Food safety concerns aside, I looked forward to eating a lot of fresh seafood on a family trip to Nayarit, Mexico. Our entire trip was to be spent on Mexico’s Pacific coast, exploring beaches, big and small, stretching North from Puerto Vallarta. We gathered our gang into our rental car, and headed confidently on the highway.
We had already passed by two car-truck wrecks on the highway that led north of Puerto Vallarta into the less touristed parts of Nayarit. While the road was well paved, it narrowed frequently into a single lane, and instead of shoulders on the side were steep ravines. I wondered how helpful the booster seats we had lugged with us from California would be in the event of one of those head-on collisions. As the brilliant Mexican sun started to slowly fade into a lovely muti-hued sunset, I also noticed that there weren’t any street lamps. Soon, we would be navigating this unfamiliar road in the dark.
“The Moon guide says that it’s only about 19 km until the turnoff for the road to the coast. It feels like more than 19 km so far,” I said to my husband, the only one of us brave enough to drive on unfamiliar Mexican roads.
“You don’t have a sense of how far a kilometer is,” my husband said, grinding a pet peeve about how everyone in the world, except for Americans, uses the Metric system. “It has not been 19 km yet.”
I figured he was right, since I don’t speak Metric very fluently. And so we proceeded into increasing darkness. But wait, wasn’t that the horizon over there, to our left?
“Hey, that looks like the coast over there.”

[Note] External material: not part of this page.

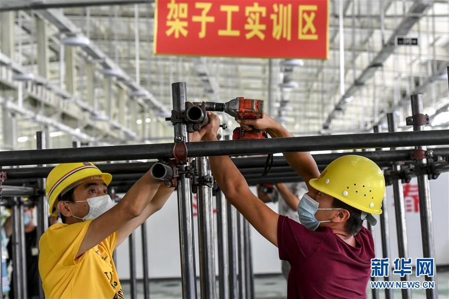 7月14日,新疆喀什地区巴楚县农民肉孜·买买提(左)和木合塔尔·如苏力在练习安装脚手架。 新疆喀什地区巴楚县面向农牧民开展多种就业技能培训,拓宽就业渠道,促进就业增收。据巴楚县人力资源和社会保障局介绍,结合各行业用工需求和农牧民意愿,该县已开设大型工程机械、砌筑工、木工、电工等14种技能培训。 新华社记者 马锴 摄
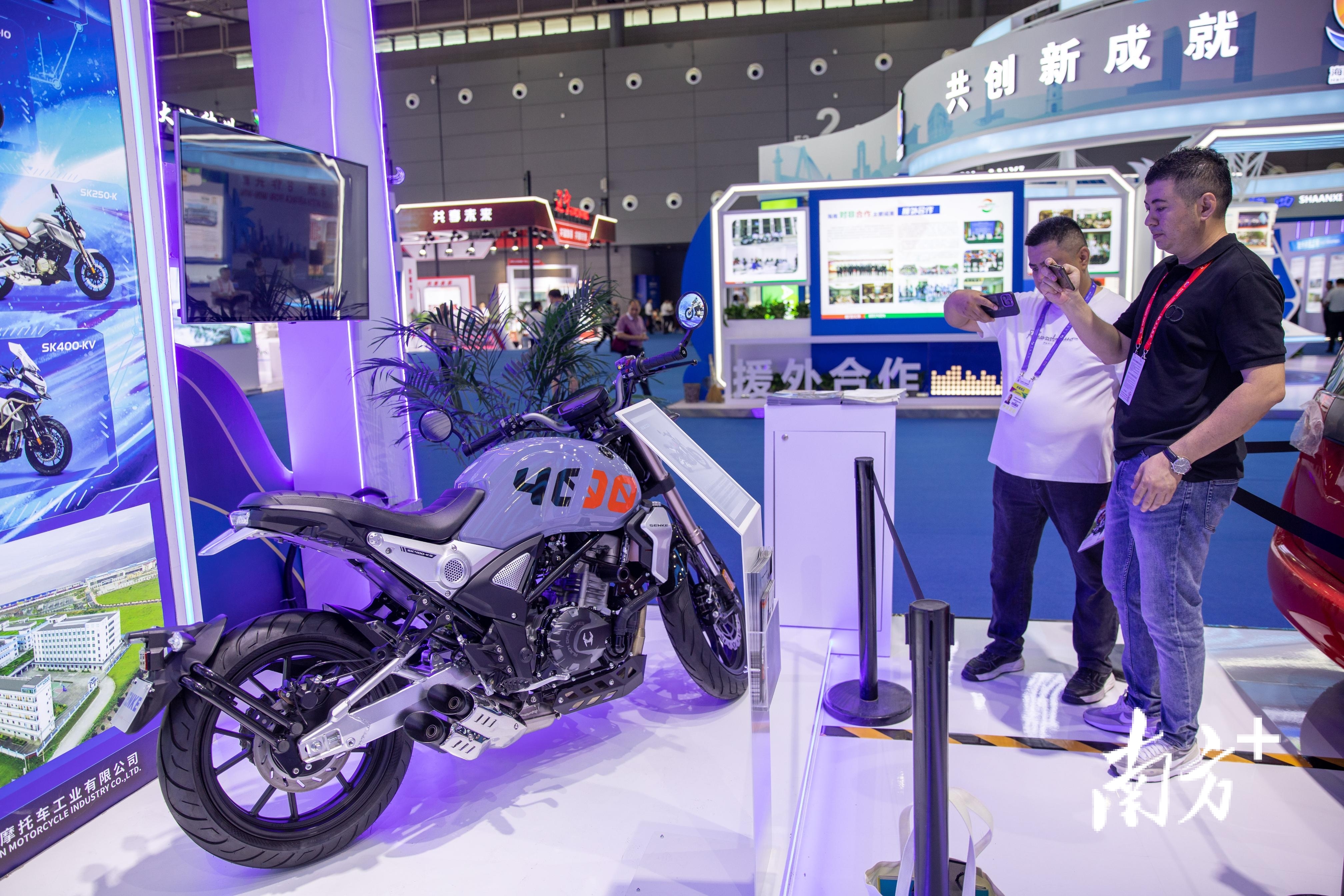 中非经贸博览会现场,广东馆展示的摩托车引发关注。南方+记者张令摄

“You’re imagining things. I am positive we are on the right road,” he said, as his hands stubbornly gripped the wheel.
And that’s how we ended up in Tepic, the capital city of Nayarit. We were trying to go to San Blas, a coastal area known for its birds and other wildlife. It’s not an unknown among intrepid fans of Mexico, but still a somewhat “hidden gem.” Well, definitely hidden from us. But the trip wasn’t a waste. Getting lost is, after all, one of the best ways to get to know a place. We explored a market of handicrafts produced by the the many indigenous people who live in this region; strolled in the zocalo, where we took pictures of its most famous attraction, the church; and refreshed the kids withpaletas (they can be happy anywhere, so long as there are popsicles). We also had a meal there, but it was nothing to write home (or blog) about, and it was hard to find any seafood in this dusty inland city. It’s been fun telling people we’ve met since then, including people who grew up in Nayarit, that we had been to Tepic. Apparently, Tepic, not San Blas, is a true hidden gem: nobody we have met has ever been there.
Our hotel was back in Puerto Vallarta, a good few hours away (if we didn’t get lost) and it was was quickly approaching total darkness, so we didn’t even try to find San Blas at this point. And so we got back on the road.
If you’re not convinced of the safety of eating ceviche prepared the traditional way, here’s a solution for you, by way of Rick Bayless. Bayless was recently selected by President Obama to cook for the administration’s second state dinner on May 19th, honoring Mexican President Felipe Calderon. He has a great recipe for shrimp ceviche that avoids the issue of food poisoning by using quickly cooked shrimp. This results in something which is closer to a Mexican shrimp cocktail than a true ceviche. As such, this recipe is probably blasphemous to Mexican culinary purists, but is delicioso nonetheless. Wash this down with margaritas (Rick Bayless’ recipe is the best I’ve come across) or non-alcoholic freshly squeezed limeade, and you’ve got a fiesta.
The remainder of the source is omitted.